Alan Geer, Katrin Lonitz, David Duncan, Niels Bormann

 

In the ECMWF Strategy 2021–2030 we aim to move to an ‘all-sky all-surface’ assimilation of satellite observations. Cycle 48r1 of ECMWF’s Integrated Forecasting System (IFS) is planned to go operational in early 2023, and it will include extensive changes to make better ’all-surface’ use of satellite microwave observations.

The upgrades target surface-sensitive microwave channels, for which a lot of data has previously been screened out due to surface types that are harder to simulate. These surface types include land, snow, sea-ice, and mixtures of all surface types. In some channels, the new developments increase the number of observations being assimilated by around 30%, particularly in polar regions and over mixed scenes. The main forecast improvements are in northern high-latitude areas, showing the importance of trying to use more satellite data in these areas. 

Main improvements

The Cycle 48r1 developments are just a step in the direction of a complete all-surface assimilation, but they help us preview what we will be working on over the coming decade. For example, in Cycle 48r1 we will be retrieving the sea-ice fraction from microwave observations for the first time in the IFS. It is not yet good enough to be assimilated in the sea-ice analysis, and initially it is intended only for quality control of the microwave observations. But there is clear potential for inferring more surface information directly from satellite radiances in coupled data assimilation.

One component of the package in Cycle 48r1 is the addition of surface-sensitive microwave imager channels over land surfaces. This is a first in global weather forecasting and it depends on having a well-developed ‘all‑sky’ assimilation framework. This is because the main atmospheric information in surface-sensitive channels does not come from temperature or water vapour, but from cloud, rain and snow in the atmosphere. We can now use these observations to help correct forecast errors, such as displaced summertime convection over central Europe.

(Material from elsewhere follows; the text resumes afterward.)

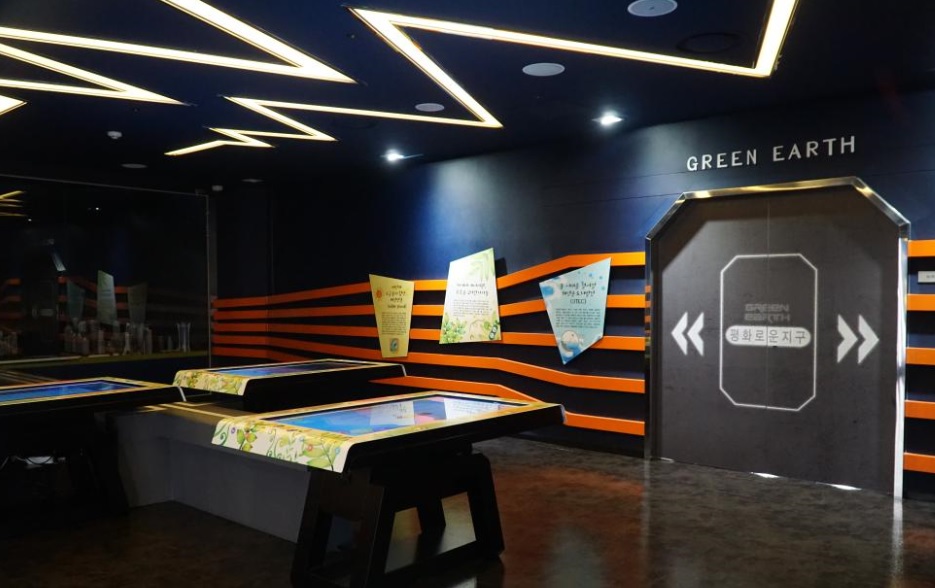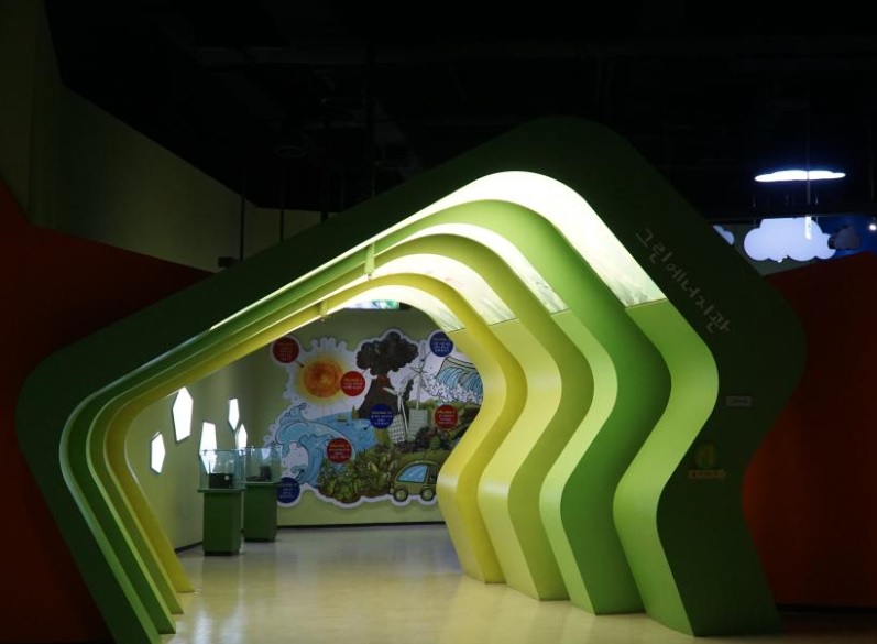 녹색터널을 통과하면 '그린에너지관' 이 나오고 태양열에너지, 수력에너지, 지열에너지 등 그린에너지에 대해 자세히 알수 있다. 그리고 전시관이 끝나면 아이들이 놀 수 있는 플레이존이 나온다. 이곳에서 퀴즈 및 게임을 할 수 있다.
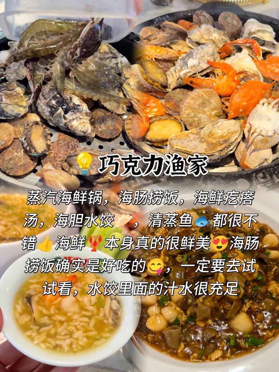 去日照想吃海鲜的话可以试试他们家,很喜欢他们家的海鲜,超级新鲜,个头还大,真的超级满足😍我们去的是大象国际店,感觉性价比蛮高的,本女大完全可以接受,点的蒸汽海鲜锅,海肠捞饭,海鲜疙瘩汤,海胆水饺🥟,清蒸鱼🐟都很不错👍海鲜🦞本身真的很鲜美😍海肠捞饭确实是好吃的😋,一定要去试试看,水饺里面的汁水很充足

However, the amount of information we can extract is limited by our ability to model the effect of land surfaces on satellite radiances, which is still difficult, particularly in snow-covered areas and deserts. Improvements to radiative transfer modelling for sea‑ice, snow and land surfaces are critical to progressing the all‑sky all-surface strategy.

Another issue that we begin to grapple with in Cycle 48r1 is the treatment of mixed surfaces. These have previously been considered too difficult to assimilate, leading to a loss of data over coastlines, islands and lakes. If we also include mixed ocean/sea-ice surfaces in the figures, then mixed scenes can easily comprise 20% of all microwave radiances, which is a significant loss.

Different surface types have very different effects on the observed radiation, so it is important to know the exact fraction of each surface type in a mixed scene, and to model each surface type appropriately. This makes it more important to know the exact location and shape of the satellite field of view, which can often be much broader than a single IFS grid box. When targeting the atmosphere, it is possible to get away with more approximate treatments. Now that we are hoping to target surface variables, it pushes us to represent the satellite field of view more exactly. All these areas will be important themes of development over the next few years.

More observations in difficult areas

Currently, the all-sky microwave framework is used to assimilate around 17 different sensors and satellites. This includes conical scanners (known as microwave imagers) mainly targeting lower-tropospheric water vapour, cloud and precipitation, and microwave sounders, targeting the humidity or temperature profile, but also sensitive to cloud and precipitation. Together these observations represent around 30% of all observational impact on the short-range forecast.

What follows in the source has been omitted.